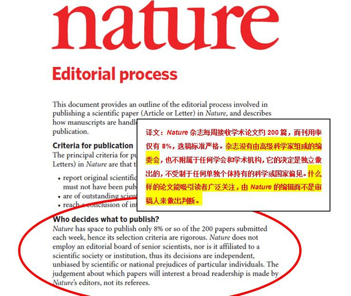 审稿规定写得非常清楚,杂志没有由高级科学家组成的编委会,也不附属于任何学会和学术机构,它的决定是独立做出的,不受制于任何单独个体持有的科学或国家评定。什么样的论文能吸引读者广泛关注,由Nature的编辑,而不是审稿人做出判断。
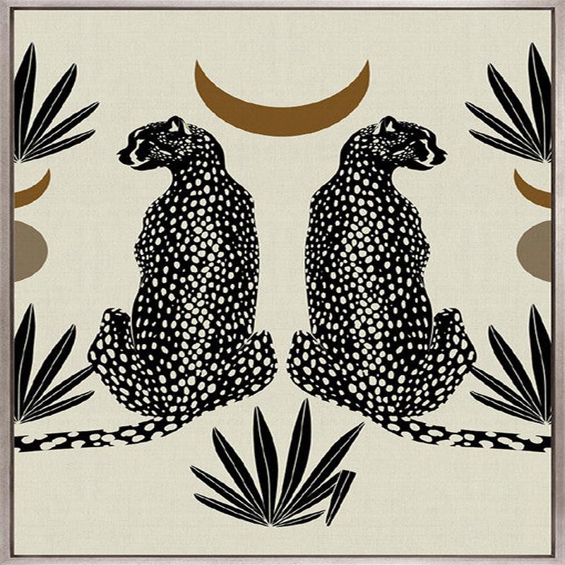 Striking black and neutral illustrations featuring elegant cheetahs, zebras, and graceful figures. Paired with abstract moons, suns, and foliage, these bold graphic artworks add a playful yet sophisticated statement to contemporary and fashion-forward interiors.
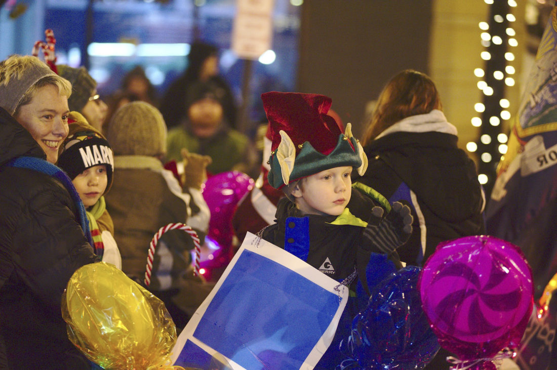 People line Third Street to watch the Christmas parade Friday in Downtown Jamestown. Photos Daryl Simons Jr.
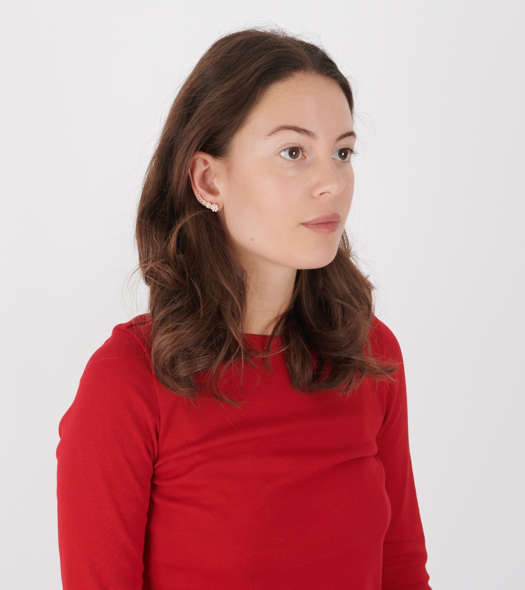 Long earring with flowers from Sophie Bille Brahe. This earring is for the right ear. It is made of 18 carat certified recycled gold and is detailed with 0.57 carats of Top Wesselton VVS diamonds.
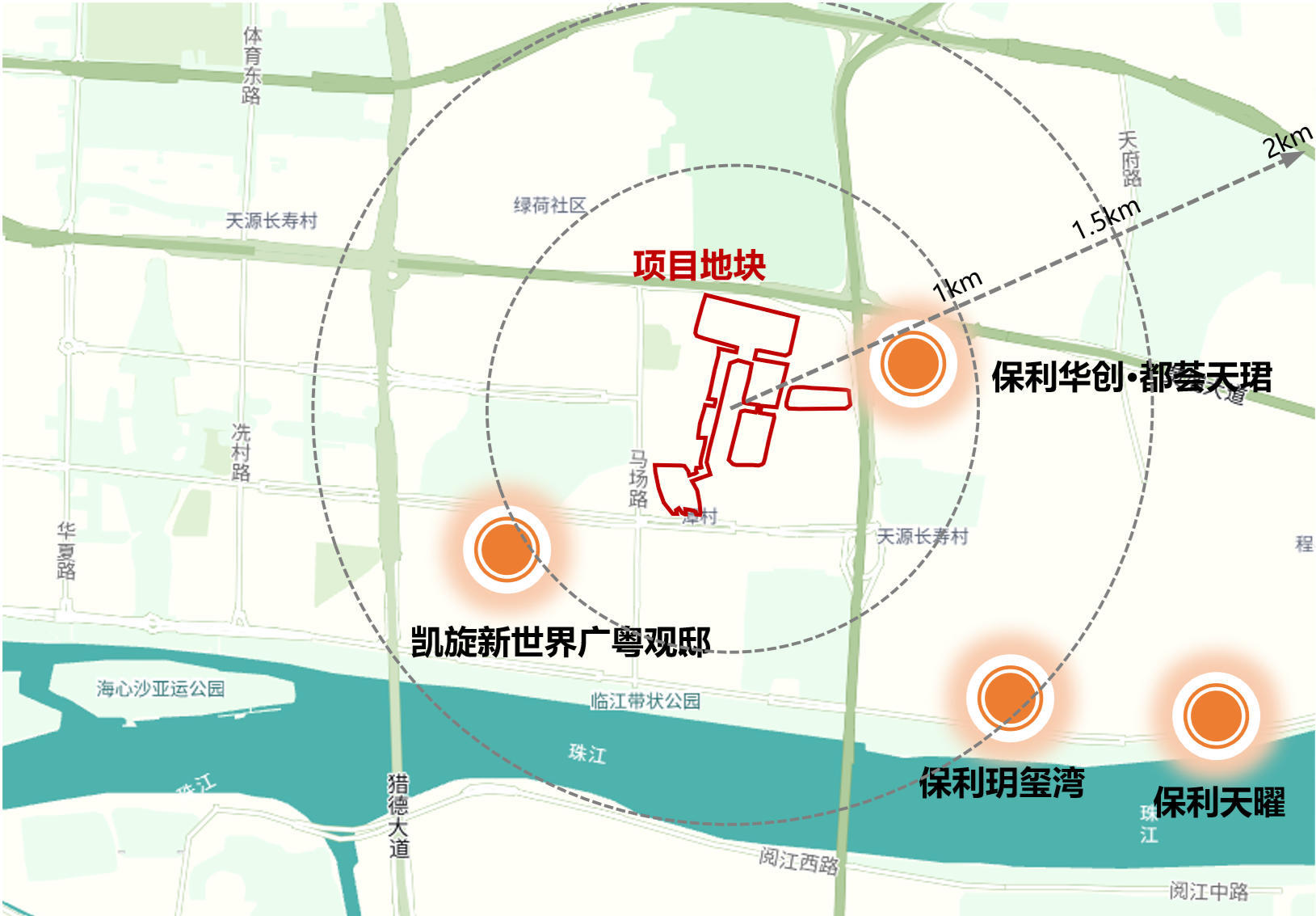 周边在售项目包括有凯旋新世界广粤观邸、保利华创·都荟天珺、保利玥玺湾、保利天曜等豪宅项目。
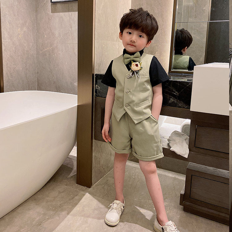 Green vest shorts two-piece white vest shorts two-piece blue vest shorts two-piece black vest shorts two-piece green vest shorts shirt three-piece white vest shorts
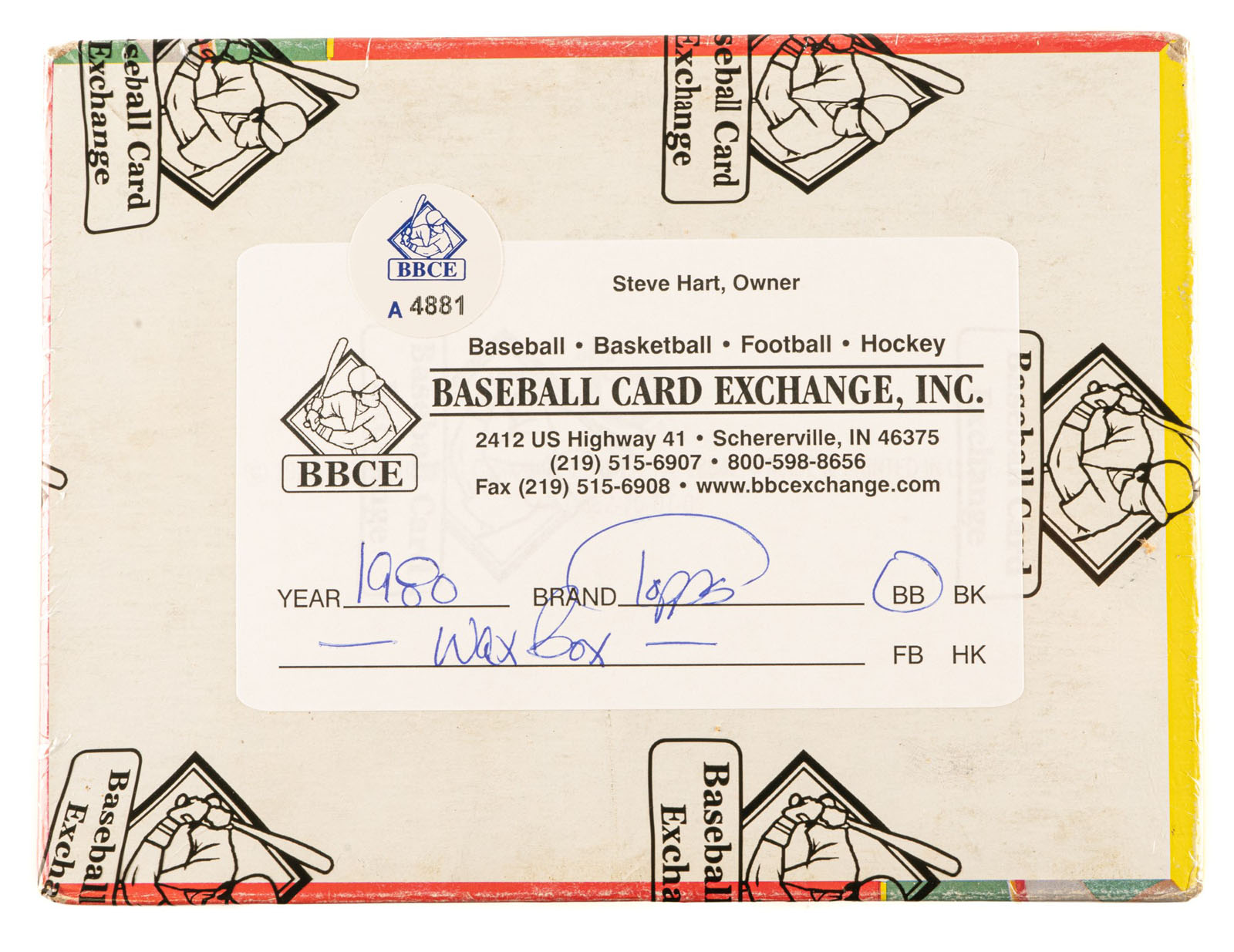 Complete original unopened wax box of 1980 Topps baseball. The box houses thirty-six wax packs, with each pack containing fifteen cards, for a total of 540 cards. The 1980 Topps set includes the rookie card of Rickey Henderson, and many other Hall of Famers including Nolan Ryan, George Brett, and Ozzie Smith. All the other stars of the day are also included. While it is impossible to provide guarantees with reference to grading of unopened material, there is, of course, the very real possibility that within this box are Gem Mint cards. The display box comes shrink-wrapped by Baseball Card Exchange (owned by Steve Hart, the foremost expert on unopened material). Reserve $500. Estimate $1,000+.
***
▶ _AIM OF THE TASK_: Leave the pictures out, and restate exactly the lines from the start of the records through the one that contains "Green vest shorts two-piece".

▶ _WRITTEN RESPONSE_:
 审稿规定写得非常清楚,杂志没有由高级科学家组成的编委会,也不附属于任何学会和学术机构,它的决定是独立做出的,不受制于任何单独个体持有的科学或国家评定。什么样的论文能吸引读者广泛关注,由Nature的编辑,而不是审稿人做出判断。
 Striking black and neutral illustrations featuring elegant cheetahs, zebras, and graceful figures. Paired with abstract moons, suns, and foliage, these bold graphic artworks add a playful yet sophisticated statement to contemporary and fashion-forward interiors.
 People line Third Street to watch the Christmas parade Friday in Downtown Jamestown. Photos Daryl Simons Jr.
 Long earring with flowers from Sophie Bille Brahe. This earring is for the right ear. It is made of 18 carat certified recycled gold and is detailed with 0.57 carats of Top Wesselton VVS diamonds.
 周边在售项目包括有凯旋新世界广粤观邸、保利华创·都荟天珺、保利玥玺湾、保利天曜等豪宅项目。
 Green vest shorts two-piece white vest shorts two-piece blue vest shorts two-piece black vest shorts two-piece green vest shorts shirt three-piece white vest shorts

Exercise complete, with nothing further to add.